Confirmation late on Wednesday that Mediterranean Shipping Co was to order a series of 22,000 teu ships came as a surprise even to those close to the company.
Despite weeks of speculation that the world's second-largest containership operator was talking to yards, it appeared that MSC was heeding the advice of its 2M partner Maersk Line not to do anything that could jeopardise the fragile recovery now under way in the container trades.
But the fact that MSC chief executive Diego Aponte went public with the decision just hours after CMA CGM had signed an order for up to nine ships of the same size was probably no coincidence.
In an industry driven by big personalities and fierce rivalries, MSC would never want CMA CGM to seem to have the upper hand.
The macro economics of ordering a new series of outsize boxships, and putting the supply and demand balance at risk, are not the deciding factors here. This is all about preserving the dominance of individual players, and in the container world, Maersk, MSC and CMA CGM all want to be top dog.
How Maersk, which has stated publicly that it has no need for new ships for several more years, now responds to this show of defiance remains to be seen. Maersk and MSC may be in the same vessel-sharing arrangement, but the relationship is known to be fraught at times.

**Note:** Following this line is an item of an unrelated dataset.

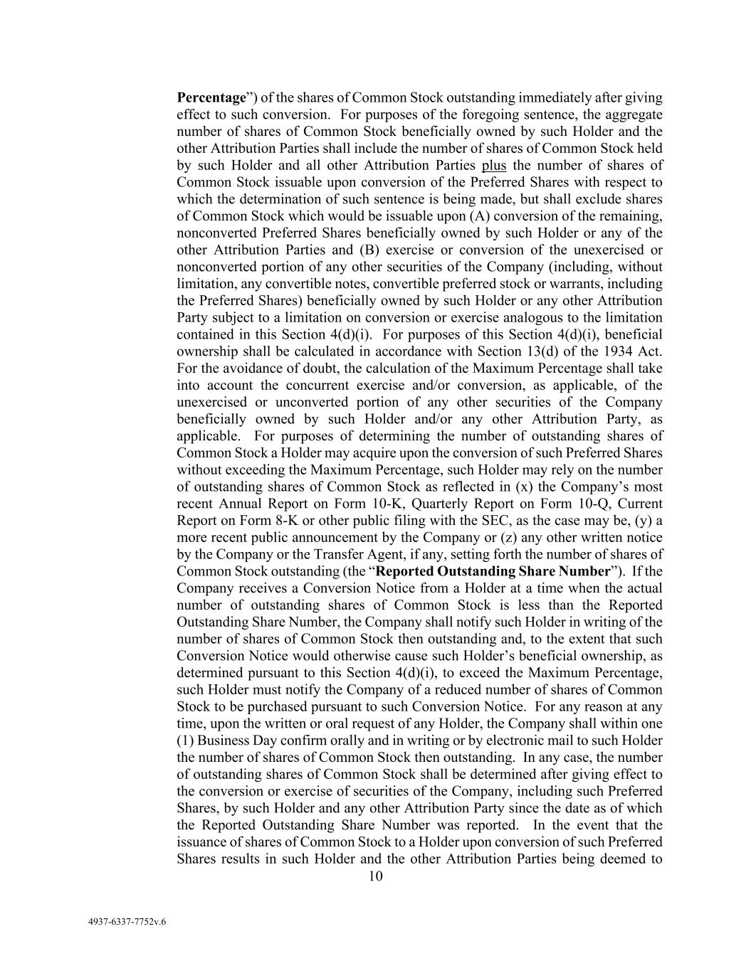 10 4937-6337-7752v.6 Percentage”) of the shares of Common Stock outstanding immediately after giving effect to such conversion. For purposes of the foregoing sentence, the aggregate number of shares of Common Stock beneficially owned by such Holder and the other Attribution Parties shall include the number of shares of Common Stock held by such Holder and all other Attribution Parties plus the number of shares of Common Stock issuable upon conversion of the Preferred Shares with respect to which the determination of such sentence is being made, but shall exclude shares of Common Stock which would be issuable upon (A) conversion of the remaining, nonconverted Preferred Shares beneficially owned by such Holder or any of the other Attribution Parties and (B) exercise or conversion of the unexercised or nonconverted portion of any other securities of the Company (including, without limitation, any convertible notes, convertible preferred stock or warrants, including the Preferred Shares) beneficially owned by such Holder or any other Attribution Party subject to a limitation on conversion or exercise analogous to the limitation contained in this Section 4(d)(i). For purposes of this Section 4(d)(i), beneficial ownership shall be calculated in accordance with Section 13(d) of the 1934 Act. For the avoidance of doubt, the calculation of the Maximum Percentage shall take into account the concurrent exercise and/or conversion, as applicable, of the unexercised or unconverted portion of any other securities of the Company beneficially owned by such Holder and/or any other Attribution Party, as applicable. For purposes of determining the number of outstanding shares of Common Stock a Holder may acquire upon the conversion of such Preferred Shares without exceeding the Maximum Percentage, such Holder may rely on the number of outstanding shares of Common Stock as reflected in (x) the Company’s most recent Annual Report on Form 10-K, Quarterly Report on Form 10-Q, Current Report on Form 8-K or other public filing with the SEC, as the case may be, (y) a more recent public announcement by the Company or (z) any other written notice by the Company or the Transfer Agent, if any, setting forth the number of shares of Common Stock outstanding (the “Reported Outstanding Share Number”). If the Company receives a Conversion Notice from a Holder at a time when the actual number of outstanding shares of Common Stock is less than the Reported Outstanding Share Number, the Company shall notify such Holder in writing of the number of shares of Common Stock then outstanding and, to the extent that such Conversion Notice would otherwise cause such Holder’s beneficial ownership, as determined pursuant to this Section 4(d)(i), to exceed the Maximum Percentage, such Holder must notify the Company of a reduced number of shares of Common Stock to be purchased pursuant to such Conversion Notice. For any reason at any time, upon the written or oral request of any Holder, the Company shall within one (1) Business Day confirm orally and in writing or by electronic mail to such Holder the number of shares of Common Stock then outstanding. In any case, the number of outstanding shares of Common Stock shall be determined after giving effect to the conversion or exercise of securities of the Company, including such Preferred Shares, by such Holder and any other Attribution Party since the date as of which the Reported Outstanding Share Number was reported. In the event that the issuance of shares of Common Stock to a Holder upon conversion of such Preferred Shares results in such Holder and the other Attribution Parties being deemed to

CMA CGM is in a different situation, with its fleet relatively light in terms of ships in excess of 18,000 teu. But it also needs to watch alliance partner Cosco Shipping. CMA CGM is currently the largest member of the Ocean Alliance, but could lose that position, and influence, when the Chinese line completes its takeover of OOCL.
Indeed, all three European carriers that currently head the rankings must be keeping an eagle eye on China and will be anxious to see what Cosco Shipping does next.
Will Cosco, now number four in the world in terms of fleet capacity, be tempted to order more big ships in order to squeeze into the top three, regardless of whether that eventually triggers another price war in the freight trades? There is, though, another scenario that is being whispered about in shipping circles.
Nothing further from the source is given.